Recovery Post-Crash

Concept. Post-crash recovery runs three passes over the WAL (Analysis (figure out which transactions were in flight at the crash), REDO (replay every committed change to bring the on-disk data back up to the log), and UNDO (reverse the changes of any transaction that didn't COMMIT))leaving the database fully consistent and ready for new traffic.

Intuition. When the server crashes mid-rush, the log shows Mickey, Minnie, and Daffy were all mid-Premium-purchase. Analysis scans the log and labels them: Mickey COMMITted, Minnie COMMITted, Daffy did not. REDO replays Mickey's and Minnie's writes in case their account-table pages never flushed. UNDO reverses Daffy's charge. His transaction never finished. After three passes, Mickey and Minnie are Premium, Daffy is refunded, and the database is back online.

The Crash Scenario

A database crash leaves us with a few cold facts:

  • Committed transactions might not be fully on disk.

  • Partially complete transactions were left hanging.

  • WAL log holds the full history of changes.

The recovery process needs to:

  1. Analyze the WAL log to figure out what went down.

  2. REDO committed transactions to keep promises.

  3. UNDO incomplete transactions to maintain integrity.

A subtle case: an ABORTed transaction in the WAL still gets REDO'd first, then UNDO'd. The algorithm is uniform. Some databases optimize this REDO-then-UNDO away for ABORTs to save I/O on long transactions.

When Machine (or disk or network) Crashes

Just Before Crash

DB just before crash

Just After Crash

Just after crash

Post-crash reality:

  • Some changes made it to the database (thanks to buffer flushes).

  • Some committed work is missing (lost in RAM).

  • Some incomplete work is on disk but not committed.

  • WAL log is the key to sorting this out.

The Recovery Process

The recovery algorithm in action:

  • Phase 1 - Analysis: Read WAL to build transaction table.

  • Phase 2 - REDO: Replay all changes to reconstruct state.
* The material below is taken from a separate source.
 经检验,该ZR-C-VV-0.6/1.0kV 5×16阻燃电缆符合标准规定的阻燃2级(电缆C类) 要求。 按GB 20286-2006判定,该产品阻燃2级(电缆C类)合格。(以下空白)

  • Phase 3 - UNDO: Roll back unfinished transactions.

+ REDO Phase

Purpose: Ensure all finished work survives

Action: Apply changes from WAL using new_values

Order: Forward through the log (oldest to newest)

− UNDO Phase

Purpose: Remove effects of 'unfinished' transactions

Action: Reverse changes using old_values from WAL

Order: Backward through the log (newest to oldest)

After Recovery Complete

Database state after recovery

The final state:

    • All committed transactions are fully applied.
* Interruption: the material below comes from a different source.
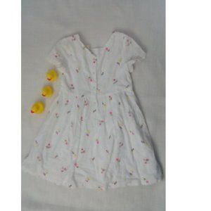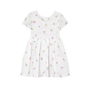 Watch her charm in this soft cotton frock styled with dainty blooms and airy allover eyelets.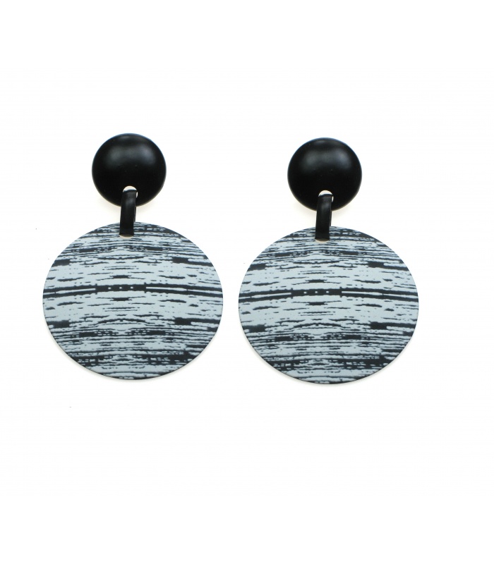 Witte oorhanger met zwarte accenten en zwarte oorsteker.

  • − All uncommitted transactions are completely removed.

  • Database is consistent and ready for new transactions.

Why This Works

The WAL is the source of truth!

  • It has the complete history of all changes
  • It has both old and new values for every change
  • It's written durably before any actual data changes
  • Even if the database is corrupted, WAL can rebuild everything

Recovery Guarantees

What Recovery Ensures

  • Atomicity: Transactions are all-or-nothing.

  • Durability: Committed work survives crashes.
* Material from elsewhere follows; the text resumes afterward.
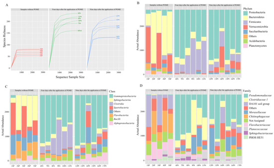 Our sequencing effort was sufficient to describe bacterial diversity (Figure 2A) once rarefaction curves reached a plateau. It was possible to observe that P9 samples showed higher species richness (Figure 2A). In total, 41 phyla, 197 families, and 3287 genera were described in the dataset. ASVs without taxonomic affiliations were defined as unclassified microorganisms and represented 2.3% of the dataset. The most abundant phyla were Proteobacteria, Bacteroidetes, Firmicutes, and Verrucomicrobia (Figure 2B). Bacteroidetes and Verrucomicrobia were abundant in samples without POME application, while Proteobacteria and Firmicutes were abundant in the P4 and P9 samples (Figure 2B). Thus, a shift in bacterial composition was observed after POME application. Regarding bacterial classes, Gammaproteobacteria, Sphingobacteriia, Clostridia, Spartobacteria, Flavobacteriia, Bacilli, and Alphaproteobacteria were the most abundant. Gammaproteobacteria prevailed in the P4 and P9 samples, while Sphingobacteriia was abundant in the SP samples (Figure 2C). At the family level, Pseudomonadaceae, Clostridiaceae 1, DA 101 soil group, Chitinophagaceae, and Moraxellaceae were the most abundant (Figure 2D), with Pseudomonadales, Clostridiaceae, and Moraxellaceae being most prevalent in soil fertilized with POME, while Chitinophagaceae and DA 101 soil group were the most abundant in samples without POME application.

  • Consistency: Database rules are preserved.

  • Repeatability: Recovery is deterministic.

What Recovery Costs

  • Time: Can take minutes to hours for large databases.

  • I/O: Must read entire WAL since last checkpoint.

  • Availability: Database offline during recovery.

  • Complexity: Requires careful implementation.

Optimizations

Checkpointing

Idea: Periodically flush all dirty pages to disk

Benefit: Limits how far back recovery must go

Trade-off: Checkpoint overhead vs recovery speed

Practice Questions

Test Your Understanding

Q1: Why do we REDO before UNDO?

Q2: What if the system crashes during recovery?

Q3: How do we know which transactions were active at crash time?